- To do:
Apart from the images, the entire listing below must be restated word for word.

- Supplied data:
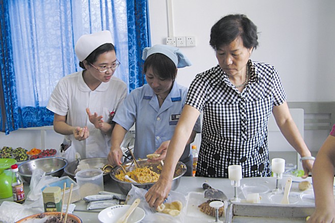 慰问病人的同时,示教室里各小组还在愉快地进行着,很快第二盘月饼也成功出炉,辛苦了一上午,大家迫不及待地品尝着自己的劳动成果,为了助兴,糖尿病俱乐部的学员还为大家表演自编的舞蹈,医护患如同一家,轻松愉快地共度佳节;“谁说糖尿病病人不能吃月饼?只要科学配料,合理饮食,同样可以像正常人一样享受中秋佳节的乐趣”。我们用温馨做皮、爱心做馅,触动病患的心弦、拉近医患的距离,共建和谐的医护患关系,谱写了一曲优质服务的新乐章———爱在中秋,感动服务。
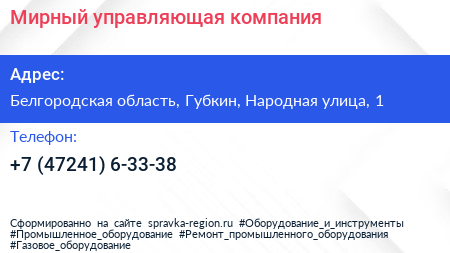 Мирный, управляющая компания по адресу Белгородская область, Губкин, Народная улица, 1 в дальнейшем Организация, размещена в следующих категориях:
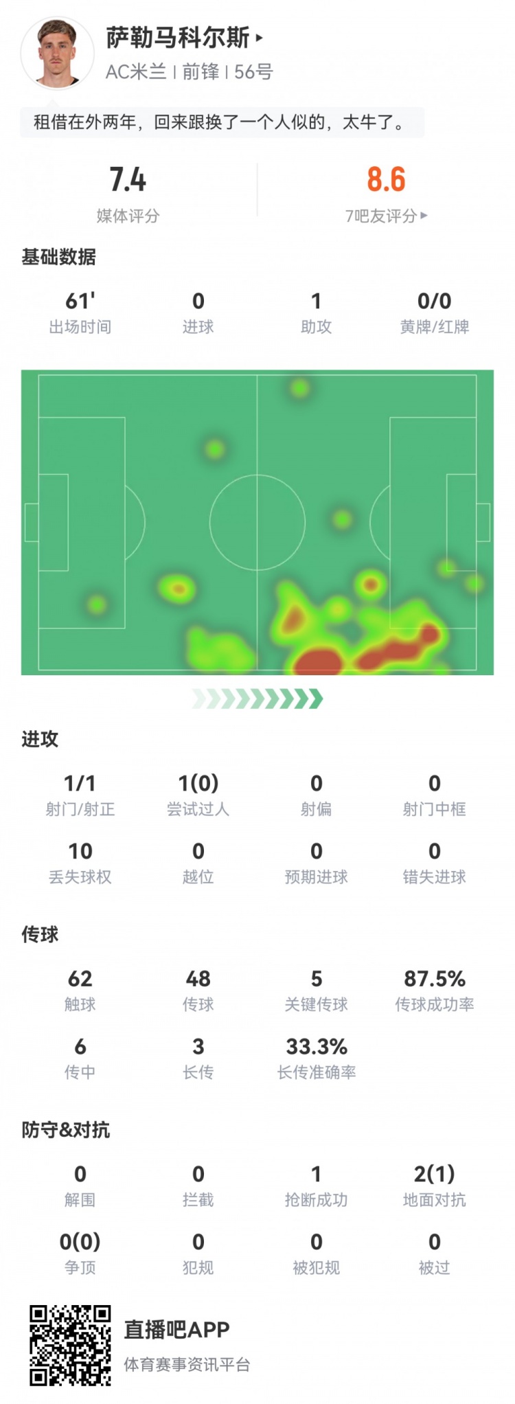9月24日讯 意杯第二轮,米兰3-0领跑 莱切。此役萨勒马科尔斯杆位61分钟被换下,欧洲杯直播吧球员全场重积分 据如下↓

- Response below:
 慰问病人的同时,示教室里各小组还在愉快地进行着,很快第二盘月饼也成功出炉,辛苦了一上午,大家迫不及待地品尝着自己的劳动成果,为了助兴,糖尿病俱乐部的学员还为大家表演自编的舞蹈,医护患如同一家,轻松愉快地共度佳节;“谁说糖尿病病人不能吃月饼?只要科学配料,合理饮食,同样可以像正常人一样享受中秋佳节的乐趣”。我们用温馨做皮、爱心做馅,触动病患的心弦、拉近医患的距离,共建和谐的医护患关系,谱写了一曲优质服务的新乐章———爱在中秋,感动服务。
 Мирный, управляющая компания по адресу Белгородская область, Губкин, Народная улица, 1 в дальнейшем Организация, размещена в следующих категориях:
9月24日讯 意杯第二轮,米兰3-0领跑 莱切。此役萨勒马科尔斯杆位61分钟被换下,欧洲杯直播吧球员全场重积分 据如下↓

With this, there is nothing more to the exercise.